# Any Fiber Glass EXPERTS Out There?



## NativeBone (Aug 16, 2017)

Kyle_Alexander said:


> Hey anyone that can help,
> 
> Im looking into buying the imemsa 23 panga with a bare hull.
> 
> ...


Check out this thread. Perhaps send a DM to the owner for detailed info?








17.5 ft Panga restore.


Lots of grinding done. Lots of glasswork ahead. Boat is rough, but I have wanted a Panga for a long time and im gonna make it how i want it. (




www.microskiff.com


----------



## Kyle_Alexander (Jun 10, 2020)

NativeBone said:


> Check out this thread. Perhaps send a DM to the owner for detailed info?
> 
> 
> 
> ...


thanks but im looking more for someone who can do the glass work for me.


----------



## NativeBone (Aug 16, 2017)

Kyle_Alexander said:


> thanks but im looking more for someone who can do the glass work for me.


I recommend @JC Designs


----------



## Kyle_Alexander (Jun 10, 2020)

NativeBone said:


> I recommend @JC Designs



Thanks


----------



## DuckNut (Apr 3, 2009)

I recommend Drifter.

He is in southwest Montana.


----------



## JC Designs (Apr 5, 2020)

I’m about 8hrs away from ya, but I can do it. Or, you can give Tom a call at the Skiff shop. The guys at South Dade skiffs might be interested as well?


----------



## Kyle_Alexander (Jun 10, 2020)

JC Designs said:


> I’m about 8hrs away from ya, but I can do it. Or, you can give Tom a call at the Skiff shop. The guys at South Dade skiffs might be interested as well?

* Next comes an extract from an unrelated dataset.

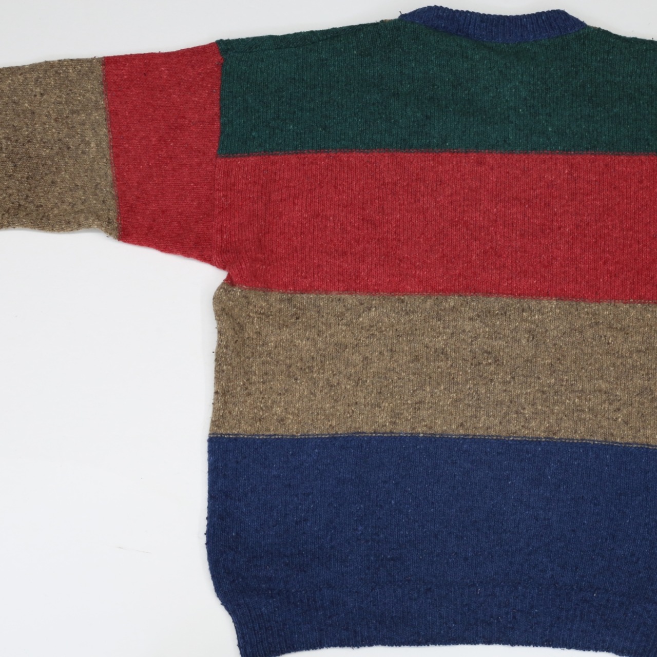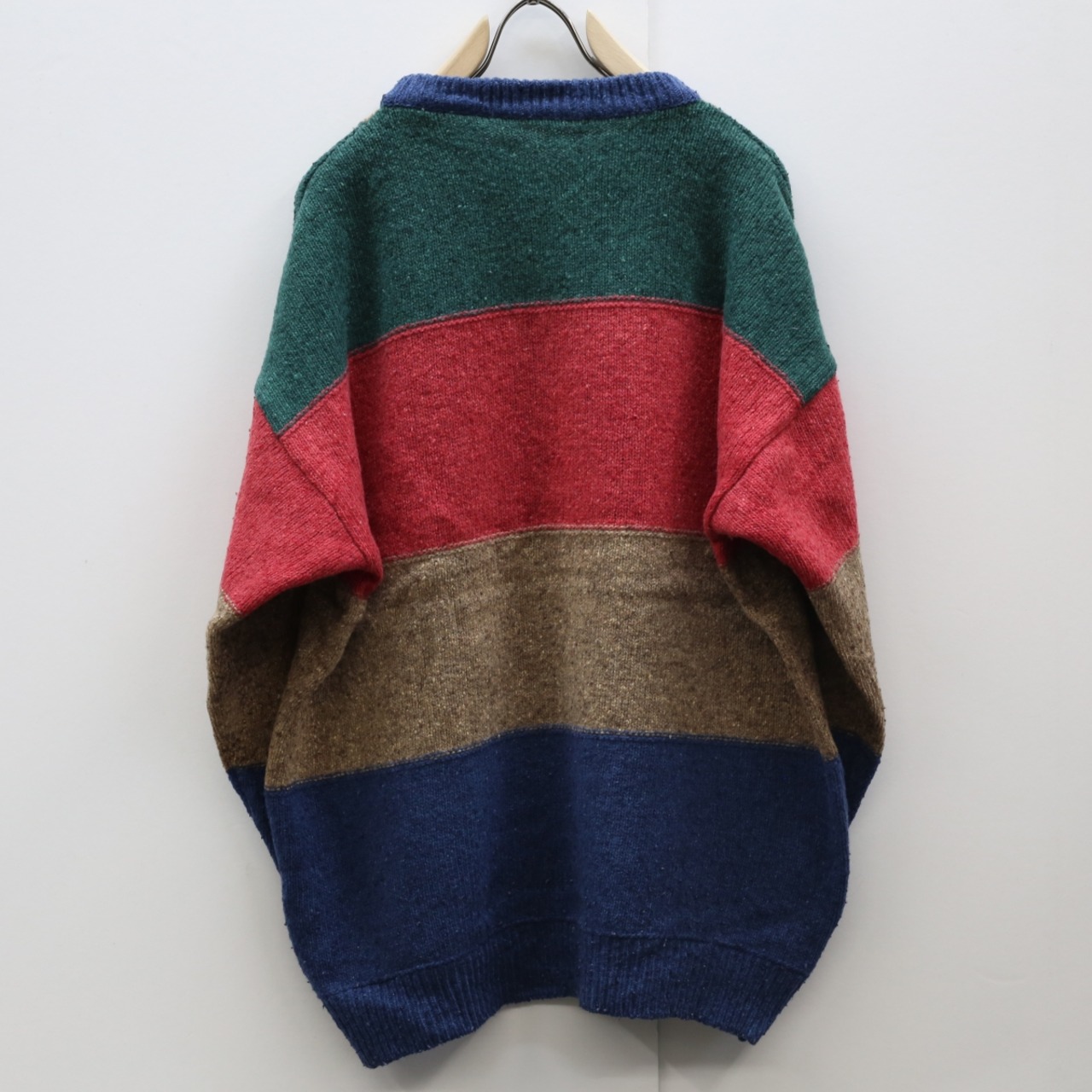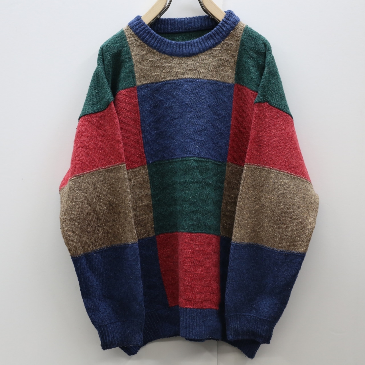 USED ユーズド ニット 長袖 セーター クルーネック ブロックパターン グリーン ブルー レッド

Ok thanks I’m going to contact the guy at south dade skiffs because he lives in same neighborhood. Will let you k ow if it does not work out


----------



## DuckNut (Apr 3, 2009)

jackson man said:


> Montana is a long way from Miami. James at JC Designs would get my vote if for nothing else but his proximity to Kyle. I'm sure that your support of Drifter is spot on.


Thanks Jackson but I guess you did not find the humor in my post. I made the comment based on the furthest person that I know based on my location. Merely trying to point out that Kyle did not say where he was located. Without such pertinent information it is difficult to make a recommendation.

JC is very competent but still too far of a drive for the work. Plenty of guys in Miami area that can do that work.

I have no idea if drifter knows how to work on boats, as I said I simply used him because I didn't know any members in Alaska.


----------



## JC Designs (Apr 5, 2020)

jackson man said:


> Montana is a long way from Miami. James at JC Designs would get my vote if for nothing else but his proximity to Kyle. I'm sure that your support of Drifter is spot on.





DuckNut said:


> Thanks Jackson but I guess you did not find the humor in my post. I made the comment based on the furthest person that I know based on my location. Merely trying to point out that Kyle did not say where he was located. Without such pertinent information it is difficult to make a recommendation.
> 
> JC is very competent but still too far of a drive for the work. Plenty of guys in Miami area that can do that work.
> 
> I have no idea if drifter knows how to work on boats, as I said I simply used him because I didn't know any members in Alaska.


Thanks Jackson, I am not taking on any work at this time. After meeting my current obligations, I will no longer be performing repairs or maintenance of any kind. I have bigger fish to get in the fryer my friend!


Duck, that’s some funny chit!


----------



## jonny (May 1, 2007)

That’s a lot work and materials. The labor is pretty much the same no matter what materials you use. What materials you use will have a huge impact on cost.


----------



## JC Designs (Apr 5, 2020)

jackson man said:


> Sorry to hear that you're heading to the sidelines.


Just have bigger plans my friend


----------



## DuckNut (Apr 3, 2009)

jackson man said:


> Oh, I just looked on Kyle's profile to find Miami. Didn't realize you were trying to add some humor to the thread.


Probably could have done that but learning from past experiences 98% of the people don't list where they are located so it would have been a waste of time to do so and find that section empty.

Right Jackson? See my point?


----------



## Kyle_Alexander (Jun 10, 2020)

I got it figured out, thank everyone for your help


----------